**RECORDED INFORMATION:**

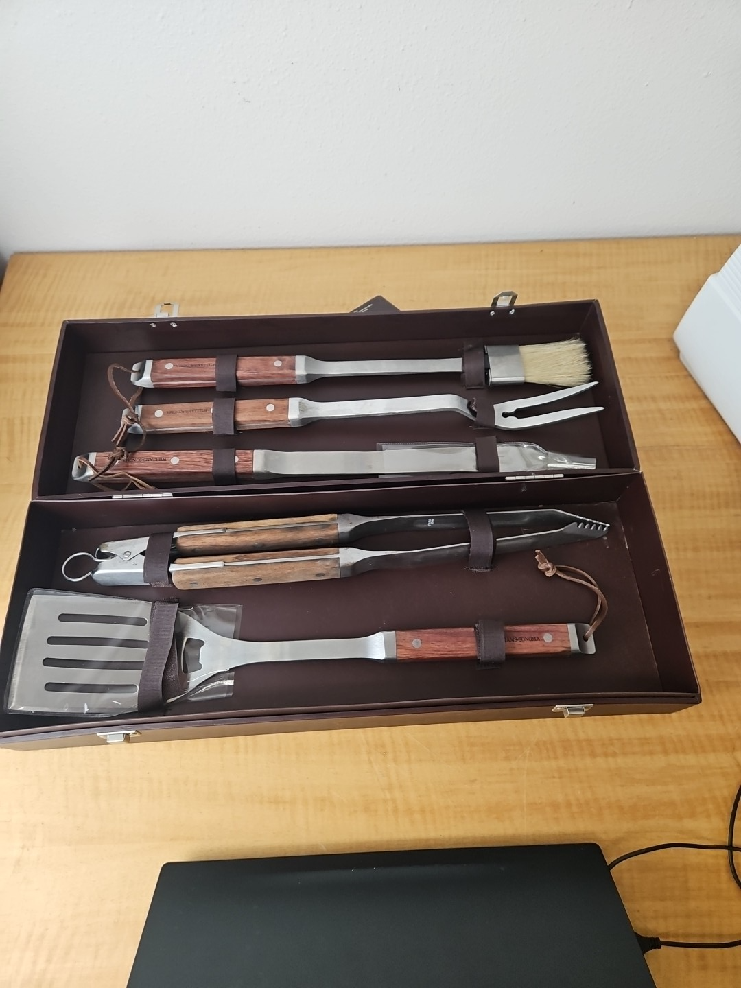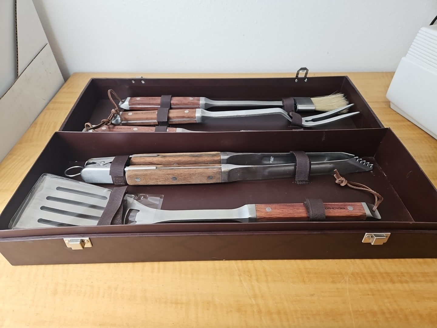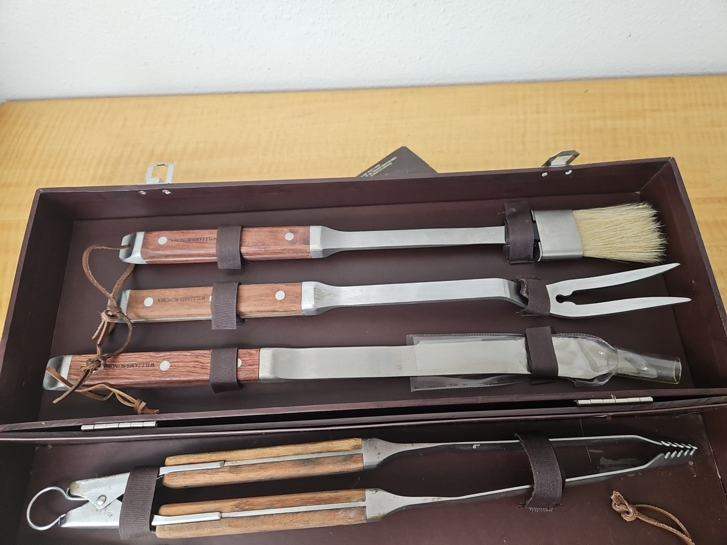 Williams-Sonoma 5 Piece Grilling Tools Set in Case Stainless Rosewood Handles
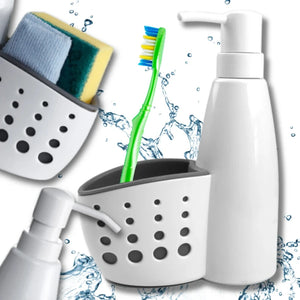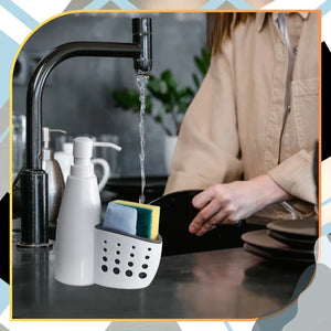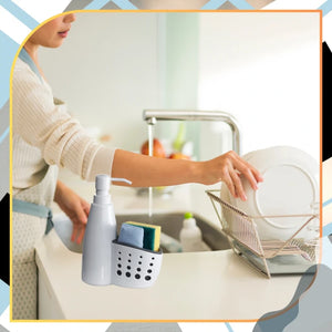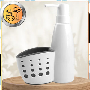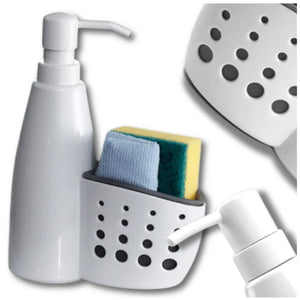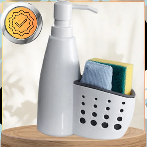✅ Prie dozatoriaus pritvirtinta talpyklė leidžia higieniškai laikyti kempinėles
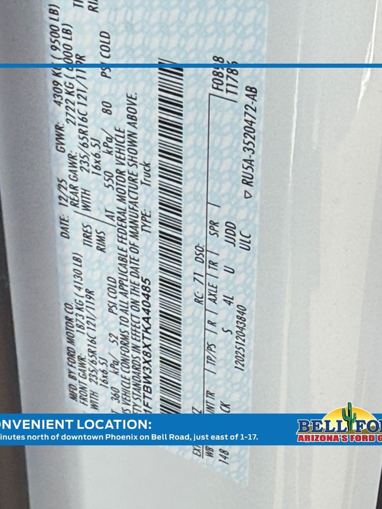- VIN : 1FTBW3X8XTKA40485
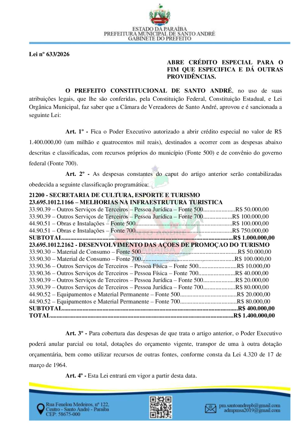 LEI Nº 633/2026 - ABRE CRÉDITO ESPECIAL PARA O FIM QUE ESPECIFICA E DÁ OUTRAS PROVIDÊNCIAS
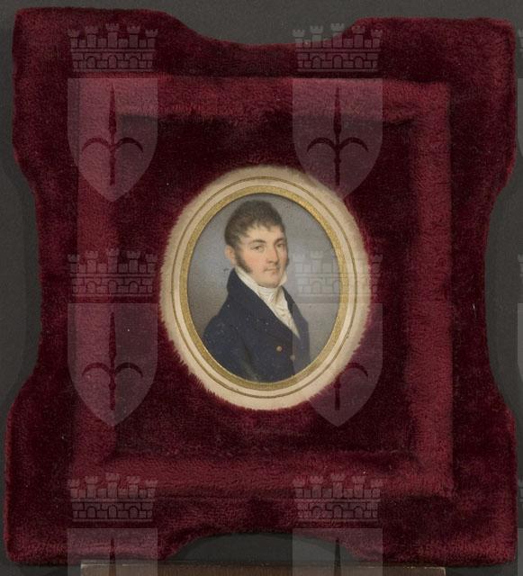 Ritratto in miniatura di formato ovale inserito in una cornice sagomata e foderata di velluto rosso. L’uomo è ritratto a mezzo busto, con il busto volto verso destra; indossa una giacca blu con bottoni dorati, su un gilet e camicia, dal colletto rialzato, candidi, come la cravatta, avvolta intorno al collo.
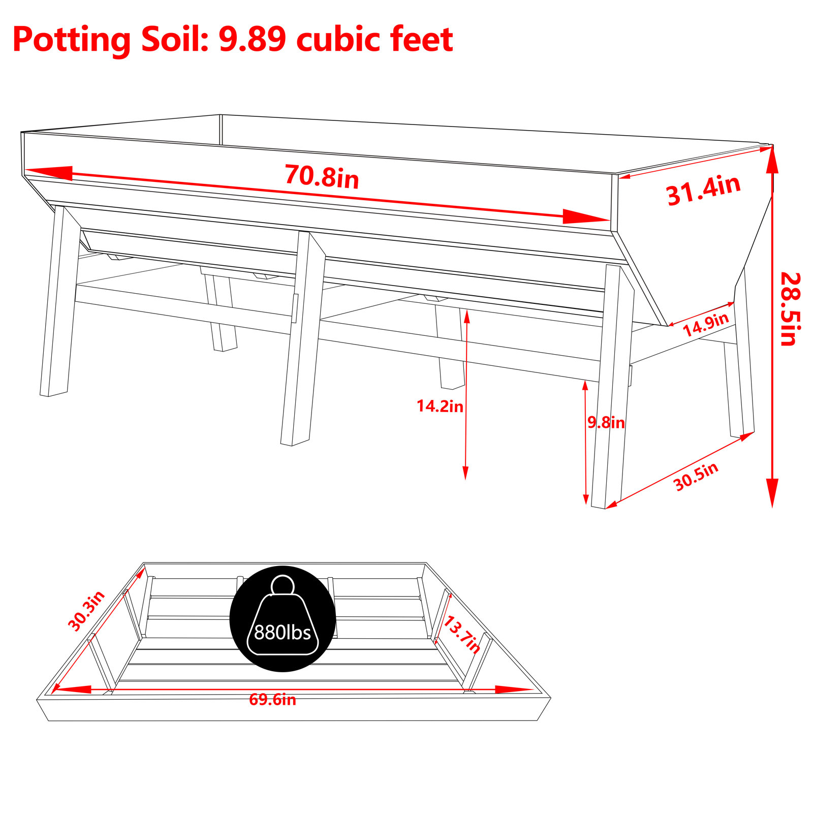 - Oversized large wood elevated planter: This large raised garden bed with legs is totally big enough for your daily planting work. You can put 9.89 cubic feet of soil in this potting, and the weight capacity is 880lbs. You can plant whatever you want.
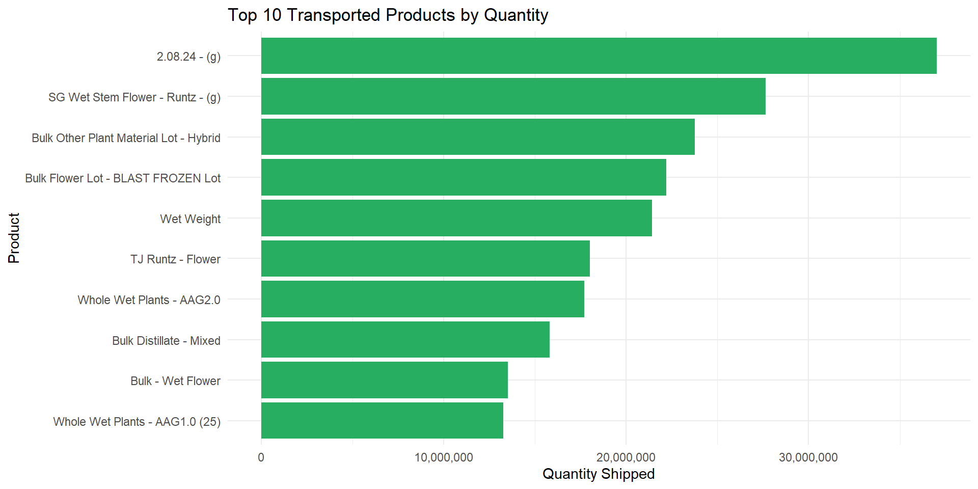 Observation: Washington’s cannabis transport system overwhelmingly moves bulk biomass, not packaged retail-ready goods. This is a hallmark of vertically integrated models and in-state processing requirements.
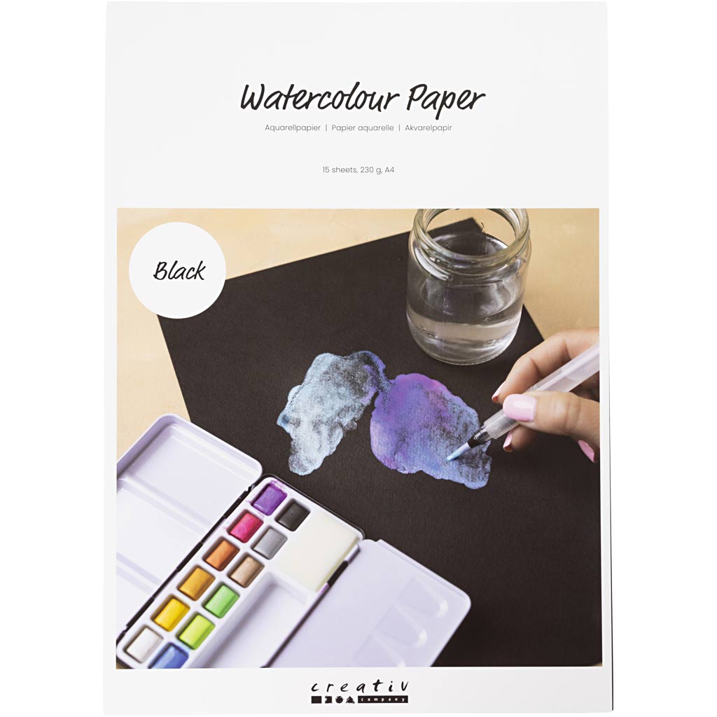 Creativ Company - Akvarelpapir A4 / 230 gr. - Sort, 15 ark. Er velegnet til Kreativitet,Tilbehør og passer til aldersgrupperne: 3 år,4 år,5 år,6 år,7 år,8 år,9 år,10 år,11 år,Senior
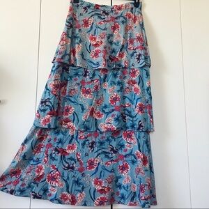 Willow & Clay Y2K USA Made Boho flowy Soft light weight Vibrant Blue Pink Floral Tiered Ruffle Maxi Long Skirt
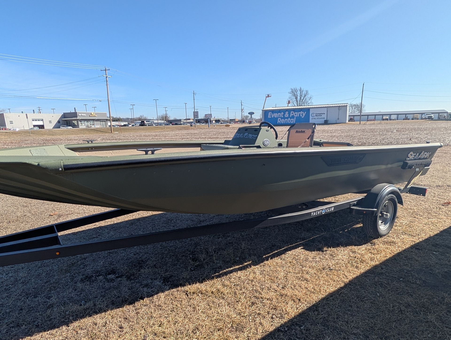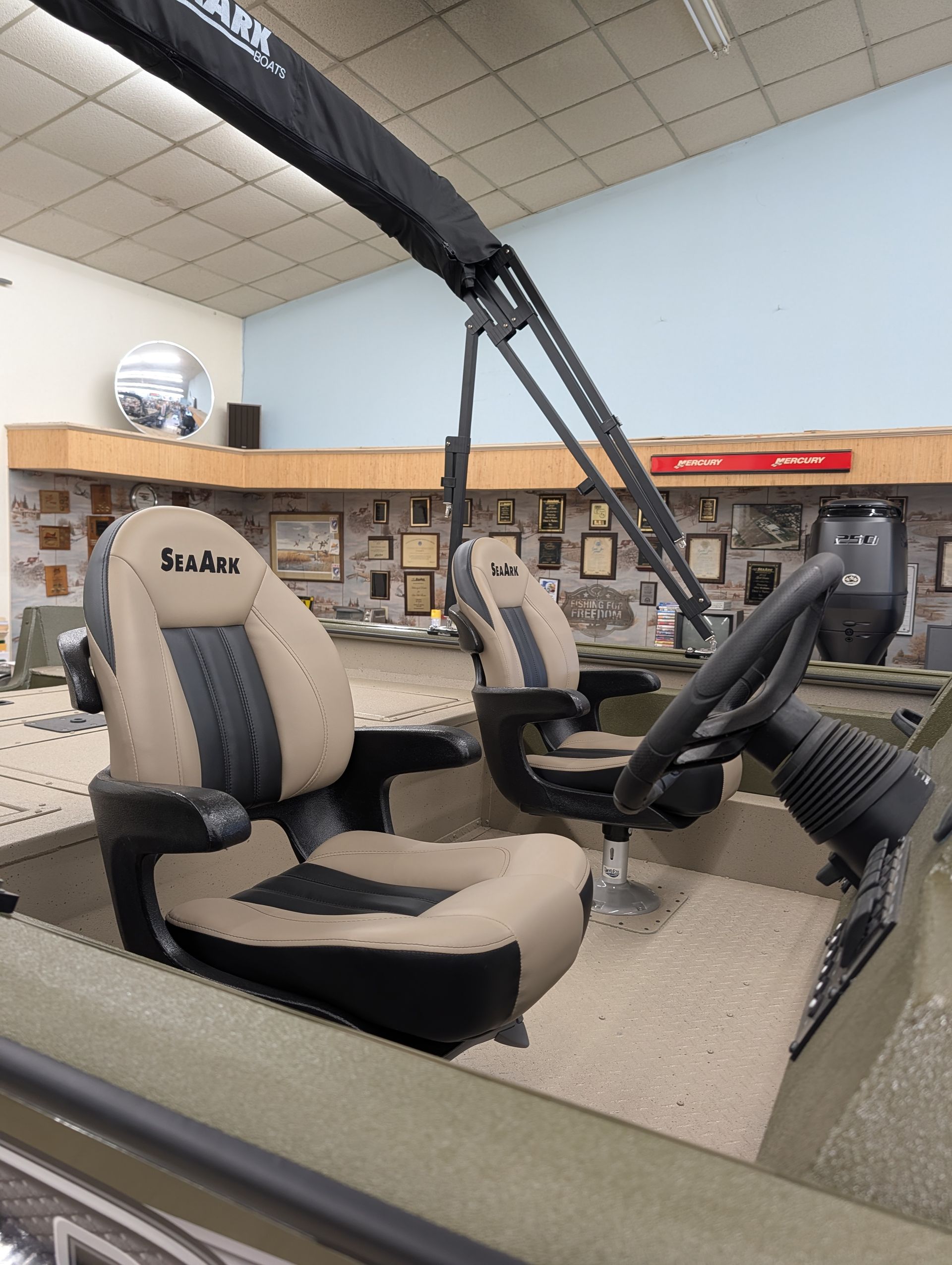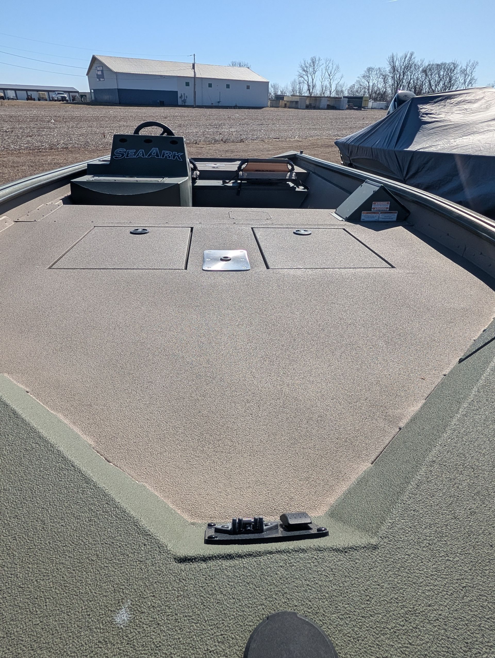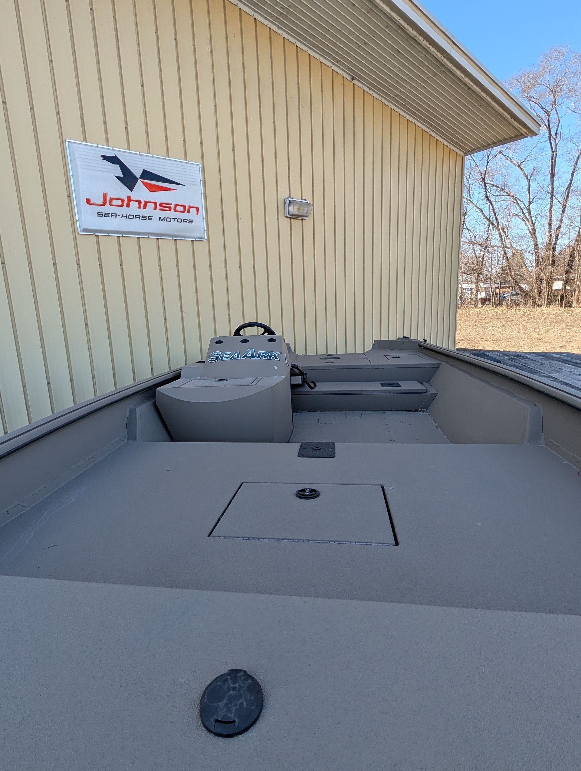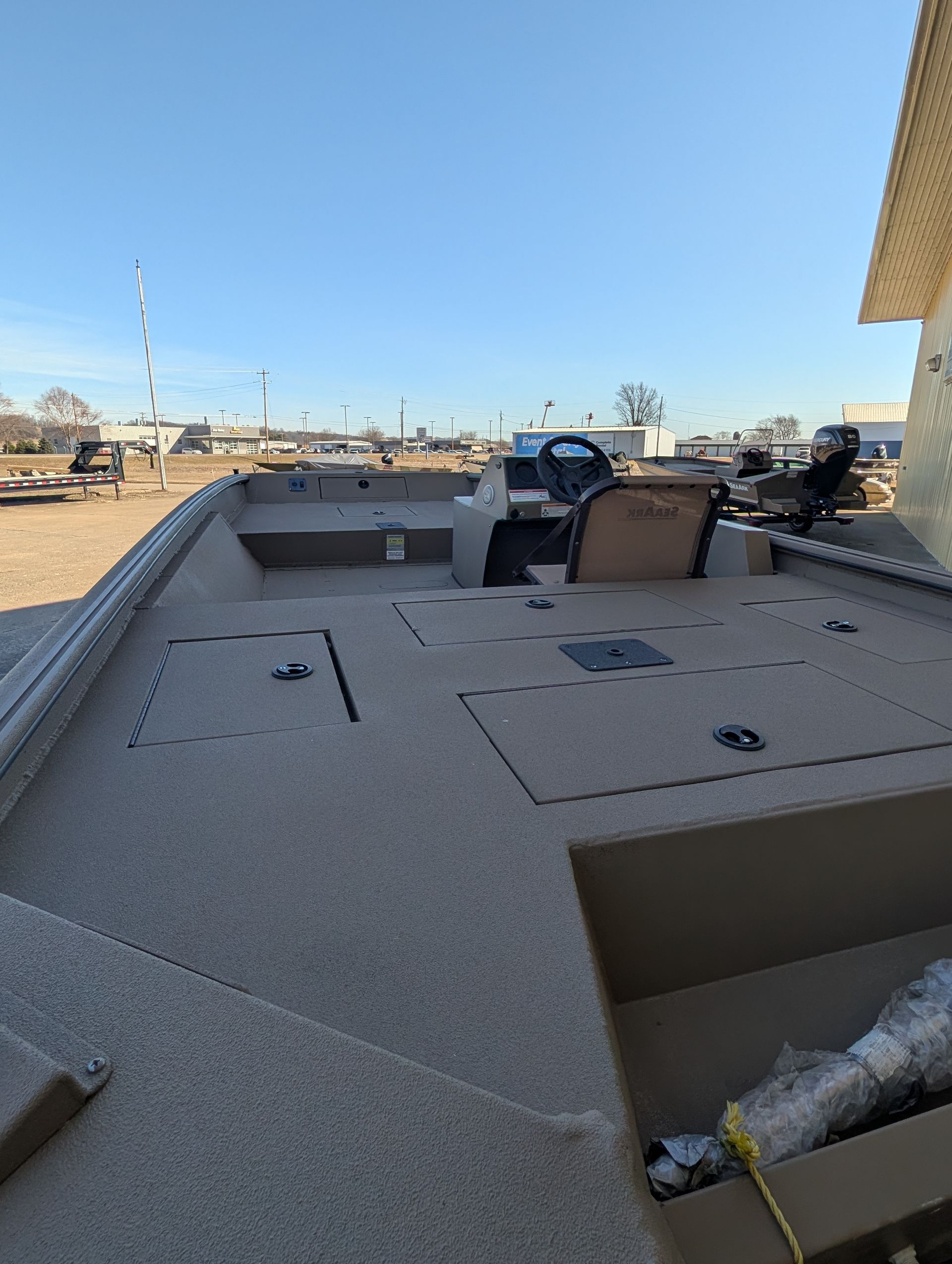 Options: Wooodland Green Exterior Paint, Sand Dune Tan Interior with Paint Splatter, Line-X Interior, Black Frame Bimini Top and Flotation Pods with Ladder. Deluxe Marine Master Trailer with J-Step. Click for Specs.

**EXERCISE REQUIREMENTS:** From the material above, output only the span of lines that starts at the one containing "Ritratto in miniatura" and finishes at the one containing "Observation: Washington’s cannabis", word for word and free of pictures.

**TASK ANSWER:**
 Ritratto in miniatura di formato ovale inserito in una cornice sagomata e foderata di velluto rosso. L’uomo è ritratto a mezzo busto, con il busto volto verso destra; indossa una giacca blu con bottoni dorati, su un gilet e camicia, dal colletto rialzato, candidi, come la cravatta, avvolta intorno al collo.
 - Oversized large wood elevated planter: This large raised garden bed with legs is totally big enough for your daily planting work. You can put 9.89 cubic feet of soil in this potting, and the weight capacity is 880lbs. You can plant whatever you want.
 Observation: Washington’s cannabis transport system overwhelmingly moves bulk biomass, not packaged retail-ready goods. This is a hallmark of vertically integrated models and in-state processing requirements.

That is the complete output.